Akhlesh Lakhtakia is Evan Pugh University Professor and Charles Godfrey Binder Professor of engineering science and mechanics at the Pennsylvania State University. His research focuses on electromagnetic fields in complex materials, such as sculptured thin films, chiral materials, bianisotropy and industrially scalable bioreplication, an emerging form of engineered biomimicry applied to harvesting of solar energy and pest eradication. His technique for visualization of latent fingerprints was covered in the NOVA documentary series "Forensics on Trial".

Family
Akhlesh Lakhtakia was born in Lucknow, India on July 1, 1957, to Servesh Kumar and Gayatri Devi Lakhtakia. He married Mercedes N. Scabbiolo in 1982, with whom he has a daughter named Natalya Sheetal Lakhtakia.

Education

He was schooled in Lucknow (St. Cathedral School), New Delhi (Cambridge School), and Lucknow (St. Francis' High School). Appearing for final examinations in November 1973, at the end of the 11th grade, he was awarded the
Indian School Certificate in 1974.

He obtained a Bachelor of Technology degree in Electronics Engineering from the Indian Institute of Technology (BHU), Varanasi in 1979; Master of Science and Doctor of Philosophy degrees in Electrical Engineering from the University of Utah, Salt Lake City, USA in 1981 and 1983, respectively.

Academic career
In 1983, Lakhtakia joined the faculty of the Pennsylvania State University, where he was elevated to the rank of Distinguished Professor of Engineering Science and Mechanics in January 2004. In 2006, he became the Charles Godfrey Binder (Endowed) Professor of Engineering Science and Mechanics.

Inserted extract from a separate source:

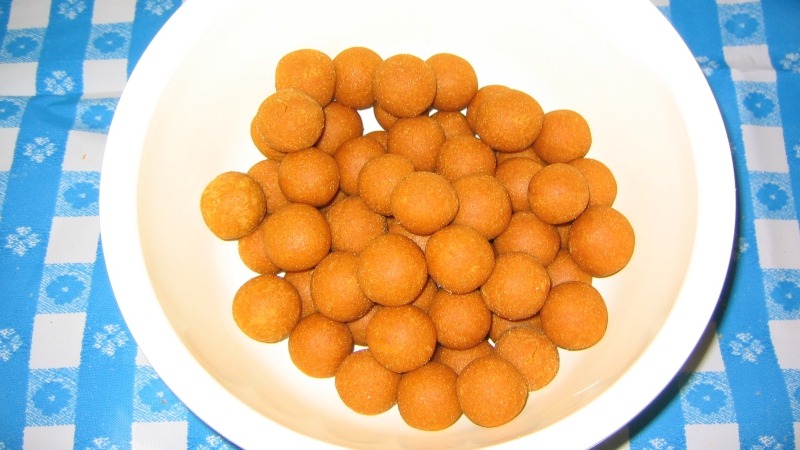 一個ずつ丁寧に手のひらで丸めていきます。ここでも中に空気が入ったり、割れが入ったりしないように注意して作業します。写真のボイリーは、直径がだいたい2cm程度の大き目のものですが、小さいものは1〜1.5cm程度にします。

In 2018, he became an Evan Pugh University Professor.

He has published more than 840 journal articles; has contributed 27 chapters to research books and encyclopedias; has edited, co-edited, authored or co-authored 17 books and 20 conference proceedings; has reviewed for 159 journals; serves on the editorial boards of four electromagnetics journals; was the Editor-in-Chief of the international journal Speculations in Science and Technology from 1993 to 1995; and became the first editor-in-chief (2007-2013) of the online Journal of Nanophotonics
 published by SPIE from 2007.

Honors and awards
He served as an international lecturer for the International Commission for Optics and the Optical Society of America; was twice a visiting professor of physics at Universidad de Buenos Aires, a visiting professor of physics at the University of Otago,  a visiting fellow in mathematics at the University of Glasgow, and a visiting professor of physics at Imperial College London from 2004 to 2007; headed the IEEE EMC Technical Committee on Nonsinusoidal Fields from 1992 to 1994; and is a Fellow of  Optical Society of America, SPIE, American Physical Society,  American Association for the Advancement of Science, Institute of Electrical and Electronics Engineers,  the Institute of Physics (UK),  the Royal Society of Chemistry (UK), and the Royal Society of Arts (UK). He also served as the 1995 Scottish Amicable Visiting Lecturer in mathematics at the University of Glasgow.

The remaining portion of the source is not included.